Specialist schools now number 834 and the Government wants 1,500 by 2005, including the new categories of business, maths, engineering, computing and science.
However, in some areas enthusiasm from local companies has worn thin with too many schools competing for the same pot of money.
Other high-profile government initiatives such as city academies, where millionaire entrepreneurs pump cash into failing schools, also risk stealing the specialist thunder.
Beaumont, a 1,100-pupil high school, joined forces with two neighbouring schools to raise funds for specialist status. But the paltry sponsorship secured so far means the schools fear a huge amount of time and effort has been wasted.
Nicholas Daymond, deputy head at Beaumont, which wants language status, said: "We didn't want to end up cutting one another's throats so we joined together.

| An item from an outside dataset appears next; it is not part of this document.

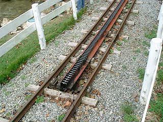 「ベガ」駅を発車してすぐにあるラック区間。 アプト式というよりリッゲンバッハ式に近い感じ。 最初の頃は建築現場のように足場を組んだ 区間も存在していたようです。 |

"We designed a brochure and approached local and national companies. But businesses have been deluged with requests for funds and they seem to have reached saturation point.
"The fact that we are in Hertfordshire does not help because we are not perceived as a particularly needy area. It is very frustrating."
The schools may be forced into asking parents for money and organising fundraising events.
Mr Daymond said: "It does not really fit with the spirit of specialist schools, which was to establish close links with local business."
Earlier this year, The TES reported that the head of a Leeds secondary advertised in Private Eye magazine in a bid to generate cash.